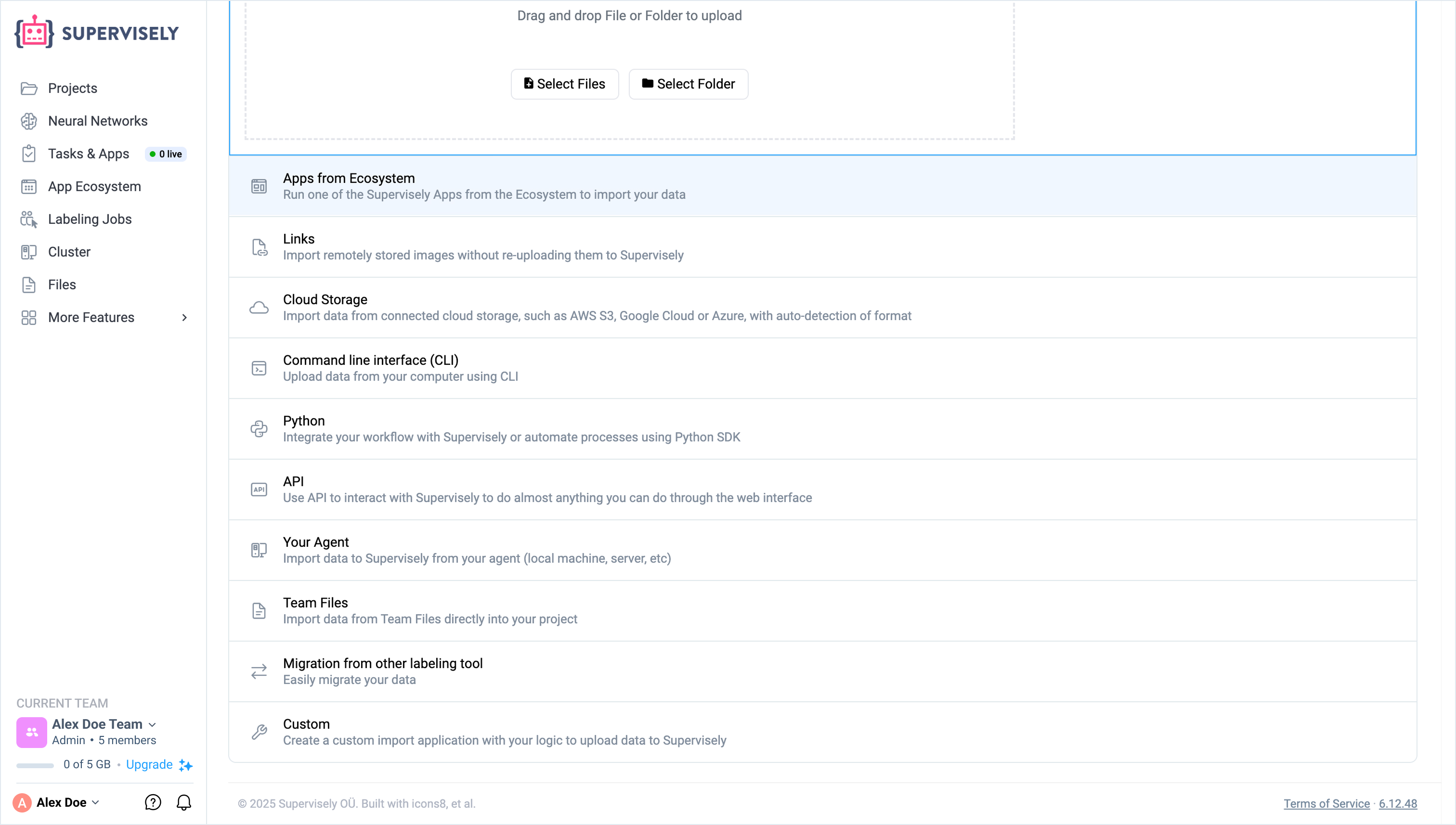Below the **Quick Auto Import** tab, you'll also find other import options, each offering different ways to bring your data into Supervisely.
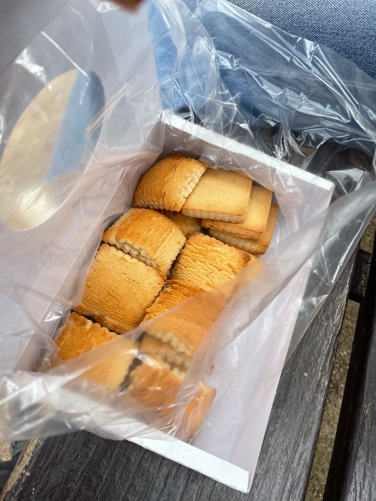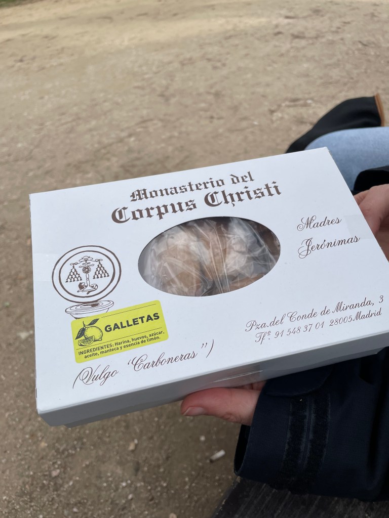 We walk on, into a little courtyard, through another bit of the building, and another courtyard before we get to the tiny room with a lazy-Susan-type-thing where the sales happen. The nuns live behind closed doors, so we don’t see them and they don’t see us, the transactions are made by shouting and putting your money on the thing, and waiting while they spin it around and the packet of biscuits appears.
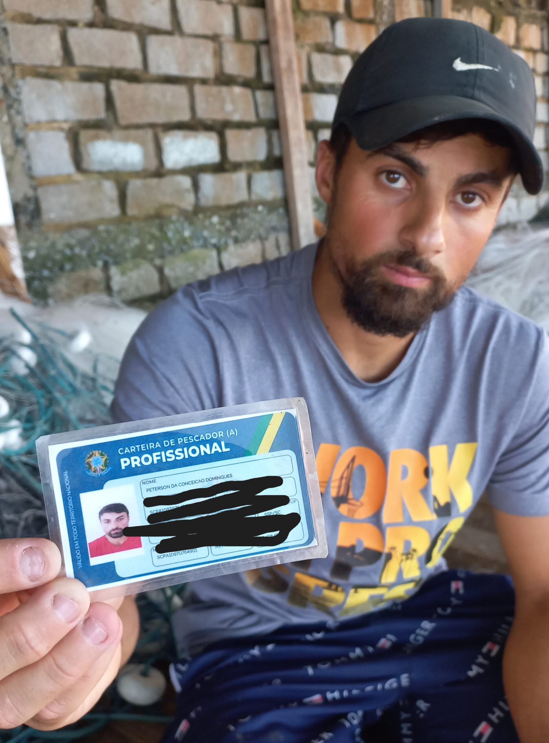 “Aprendi a pescar com o meu falecido pai e exerço a atividade desde criança. E é da pesca que tiro o sustento da minha família, pois sou casado e tenho um filho pequeno. Mesmo assim, não sei, até agora, para onde levar o material de trabalho, embora nós, pescadores, temos proteção de leis municipal, estadual e federal”, coloca Peterson Domingues, ao mostrar a sua carteira de pescador.
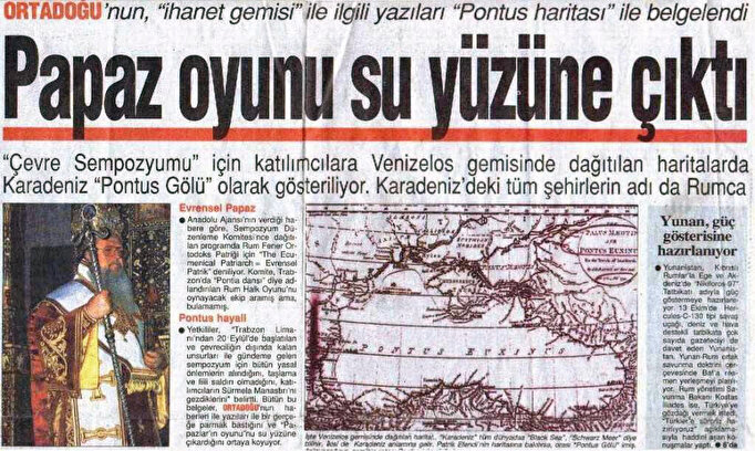 - Fener Rum Kilisesi öncülüğünde 20-28 Eylül 1997 tarihinde gerçekleştirilen “Karadeniz’i Kurtarma Çevre Kirliliği” kılıfı altında düzenlenen sempozyumun ardında Pontus hayali bulunuyordu. Bizans İmparatorluğu hayaliyle yanıp tutuşan Fener Rum Patriği Bartholomeos ile birlikte Rahmi Koç, uluslararası silah tüccarı Ağa Han, Dünya Yahudi Cemaatleri temsilcileri, bir yığın Yunanlı çevre bilimci ve işadamlarından oluşan 400 kişilik heyet, ‘Bilim ve Çevre Sempozyumu’ adı altında “Karadeniz’i kurtaralım” sloganı eşliğinde ‘Pontus’ rüyasını yeniden gündeme taşımıştı.
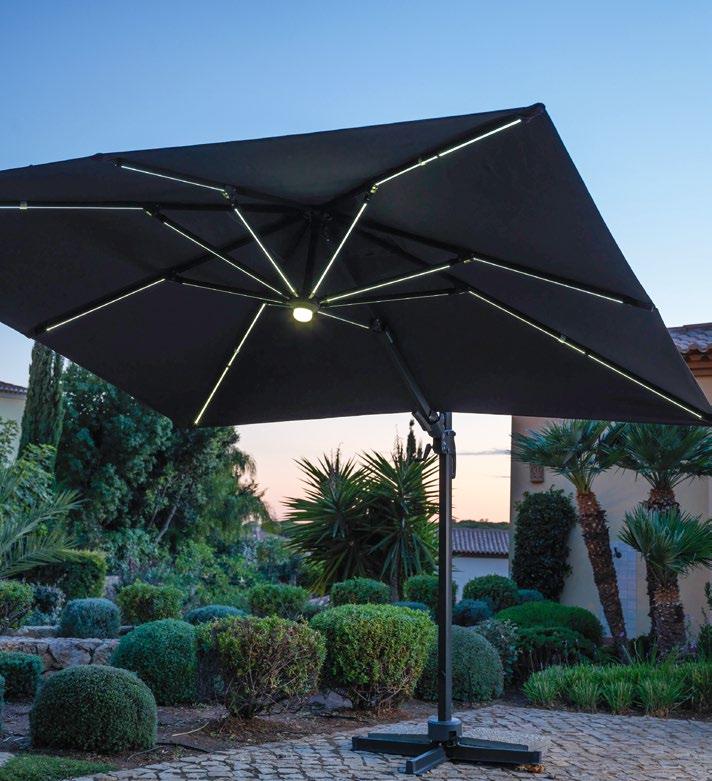 1: Suncobran Sun Deluxe, konstrukcija je izrađena od kvalitetnog aluminijuma u antracit boji kao i platni deo. S podesivim nagibom, UV zaštitom, mogućnošću rotiranja za 360° i ugrađenom LED rasvetom; dim. Ø300x265 cm. (14460008/01)
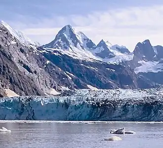 Fifty Years of Alaskan Statehood is located in the Fairweather Range of the Saint Elias Mountains.[1] It is set within Glacier Bay National Park and Preserve and is situated six miles (9.7 km) northwest of Mount Bertha. Precipitation runoff from the mountain drains to Johns Hopkins Inlet where cruise ships allow views of the peak and the Johns Hopkins Glacier. Although modest in elevation, topographic relief is significant as the summit rises up from tidewater in seven miles (11 km) and the north face rises 6,100 feet (1,860 m) in 1.5 mi (2.4 km). The first ascent of the summit was made on May 2, 2009, by Paul Knott and Guy McKinnon, who also named this peak.[2] The mountain's toponym has not been officially adopted by the U.S. Board on Geographic Names, and it will remain unofficial as long as the USGS policy of not adopting new toponyms in designated wilderness areas remains in effect.
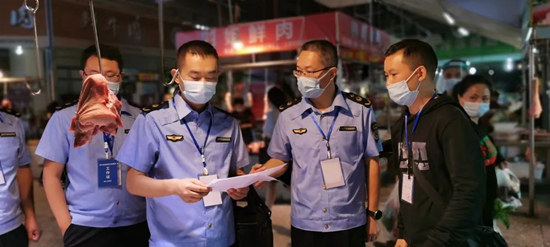 市场监管各工作组强化对农贸市场疫情防控及食品安全监管情况的检查,出动督查人员100余人次,检查调味品、蔬菜、干杂、肉类、水产经营店等221家经营摊贩等疫情防控措施落实情况,发现市场门口无人值守、未对进入人员测温监测等问题17个,现场责令整改13个,交属地督促整改4个。
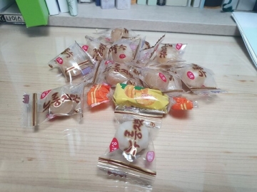 어르신이 주시는 사탕은 호박엿 사탕이다.
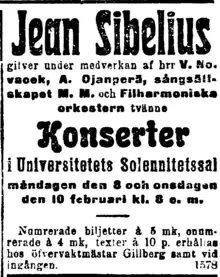 In early 1904, Sibelius labored on his first concertante work, the Violin Concerto in D minor, the premiere of which he had promised, in autumn 1903, to the German violinist Willy Burmester.[4] However, Sibelius—who needed cash in order to fund the construction of his new home, Ainola—opted to premiere the concerto at a concert of his works set for 8 February, even though Burmester was unavailable. (The concerto instead was given by the "far less distinguished player", Viktor Nováček (violin), a young violin teacher based in Helsinki.[5] To fill out the program, Sibelius hastily composed Cassazione a few weeks prior to the concert. Also on the program was The Origin of Fire (Tulen synty, Op. 32), a cantata for tenor, male choir, and orchestra that had premiered in 1902, as well as a third novelty, the choral song for male choir and orchestra, Have Your Courage? (Har du mod?, Op. 31/2). Sibelius conducted the Helsinki Philharmonic Society in all four pieces. The concert was repeated on 10 and 14 February.[5]
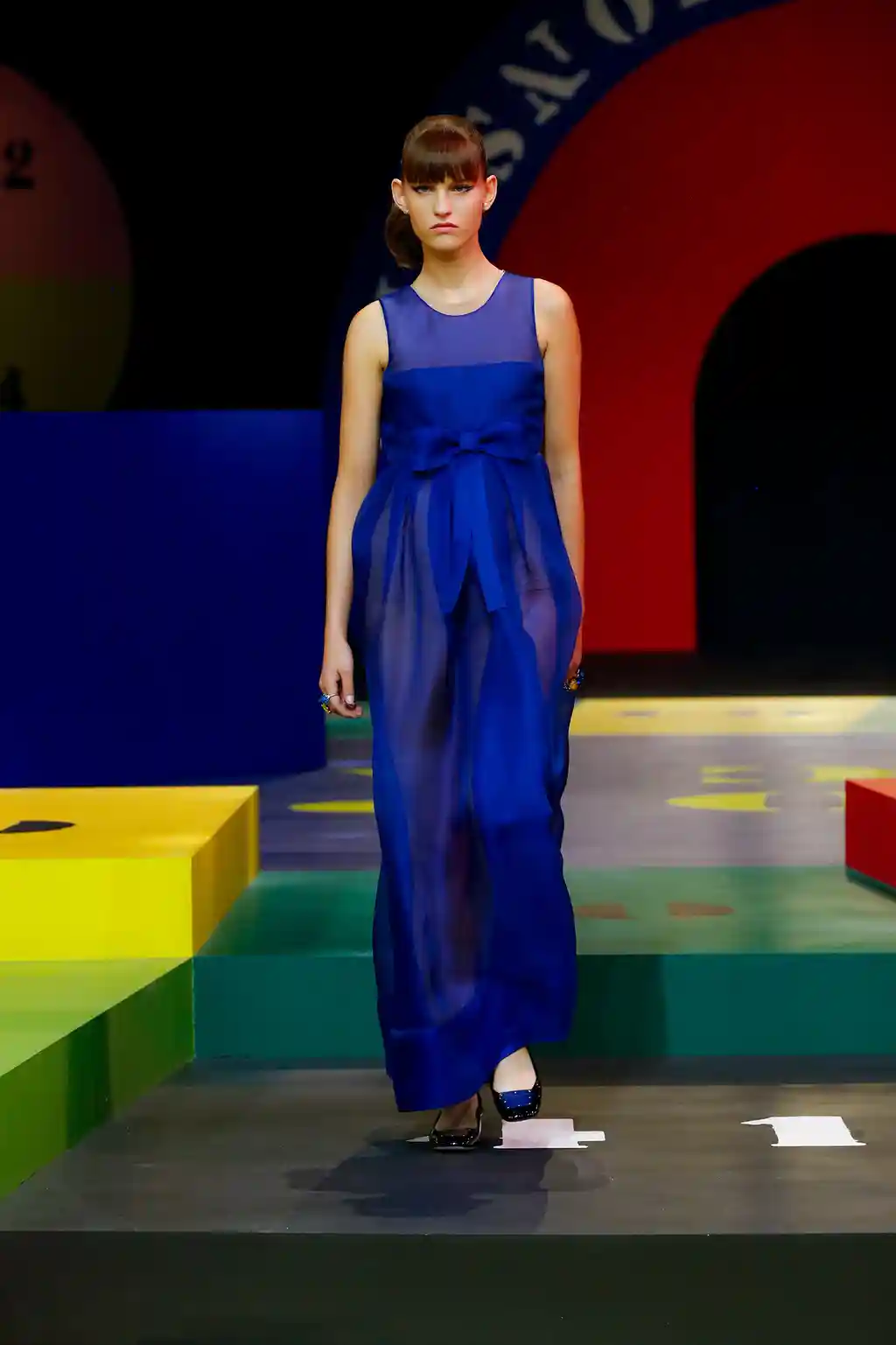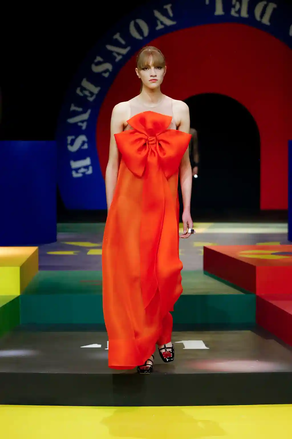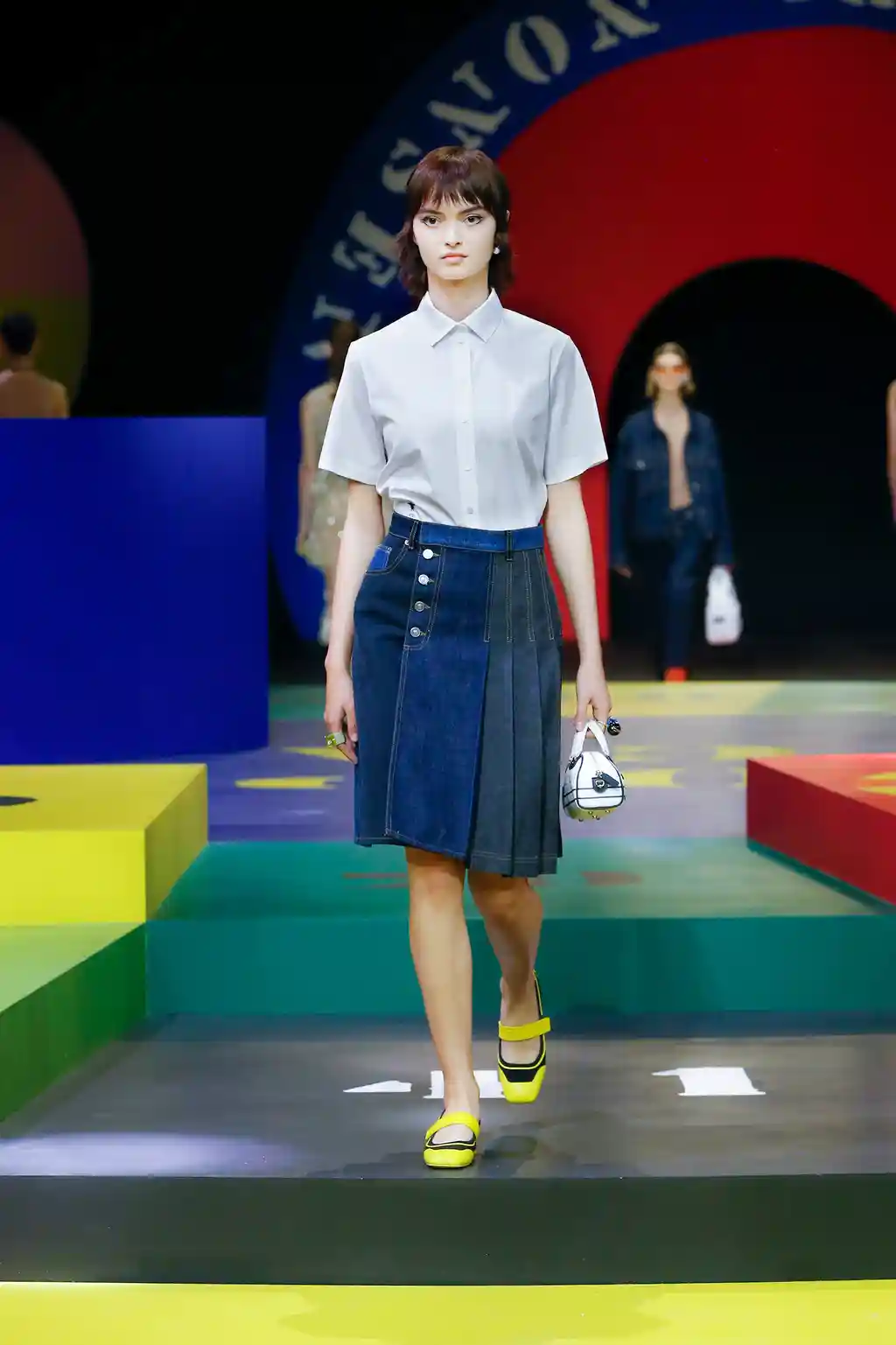 Yet yesterday’s collection felt like Chirui’s clearest message yet. There were no slogans, no questions and, indeed, no need. Opening Paris Fashion Week, Dior presented a show of mammoth scale. This season, as teased by an Instagram post or two, the creative director reached out to little-known veteran artist Anna Paparatti – a key figure in Rome’s 1960s art scene – to build a set that resembled a board game, geometric in its construction and painted in bright, bold hues. Opening with the shimmer of a disco ball and an Italian singer belting it out in the centre of the multicoloured stage, it felt like a suitably Roman tribute to optimism.
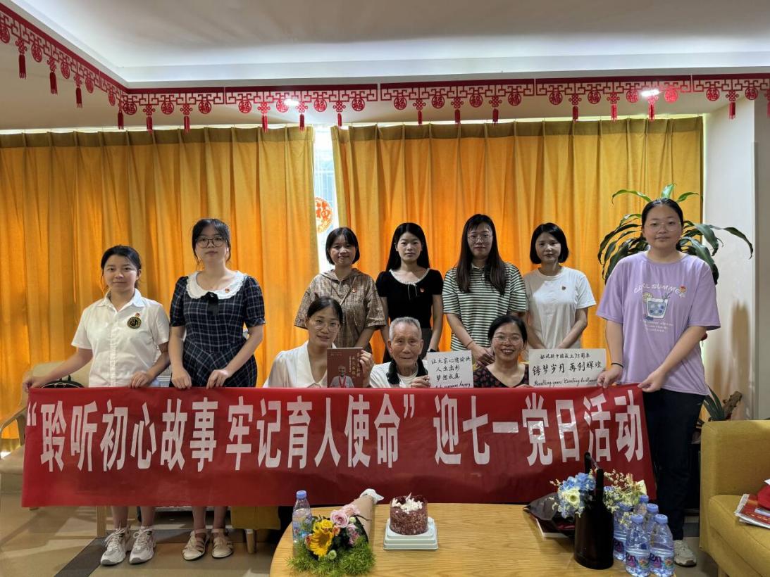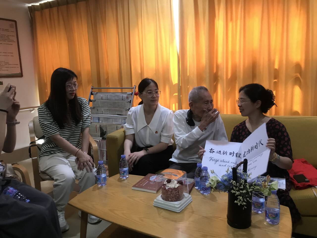 为了迎接党的生日,进一步强化党员的身份和责任意识,日前马克思主义学院党支部组织“聆听初心故事 牢记育人使命”迎七一党日活动。支部党员带领康养专业学生入党积极分子专程来到台江万颐康养中心拜访百岁老党员、“鼓岭之友”陈世明。
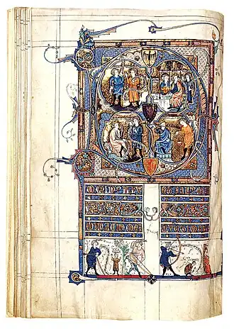 Le programme iconographique est très riche et ambitieux, mais est inachevé lui aussi, n'occupant que les 90 premiers folios. À partir du folio 91r, les peintures sont simplement ébauchées, sans détails, à partir du folio 107, ils ne contiennent plus que le dessin à la plume, normalement sous-jacent. À partir du folio 112v, il ne reste que les espaces laissés vides pour les enluminures prévues. Cette décoration consiste tout d'abord en une grande miniature en pleine page représentant l'arbre de Jessé. Puis, on compte 11 grandes lettrines historiées occupant presque une page complète, à chaque grand chapitre du texte[2].
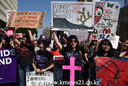 8일 미국 LA에서 1000여명의 여성들이 세계 여성의 날을 맞이해 양성 평등과 여성의 권리 옹호를 하는 행진을 벌였다.
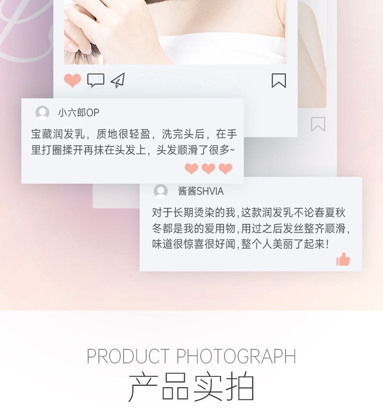 蘊(yùn)含茉莉精油和維生素原B5*,深層潤(rùn)養(yǎng)發(fā)絲,補(bǔ)水鎖水,撫順毛躁,改善粗糙發(fā)質(zhì),防斷韌發(fā),提升秀發(fā)柔順度,使秀發(fā)順滑有彈性,富含光澤。
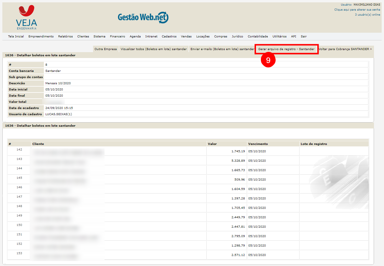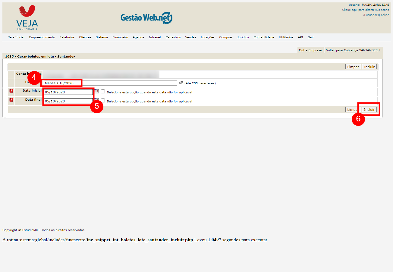 5. Digite a data de vencimento do Contas a Receber que deseja gerar os boletos;

Task instructions. Output only the lines running from the top of the data above to the line with "We walk on, into", inclusive, word for word and without pictures.

Solved exercise.
Below the **Quick Auto Import** tab, you'll also find other import options, each offering different ways to bring your data into Supervisely.
 We walk on, into a little courtyard, through another bit of the building, and another courtyard before we get to the tiny room with a lazy-Susan-type-thing where the sales happen. The nuns live behind closed doors, so we don’t see them and they don’t see us, the transactions are made by shouting and putting your money on the thing, and waiting while they spin it around and the packet of biscuits appears.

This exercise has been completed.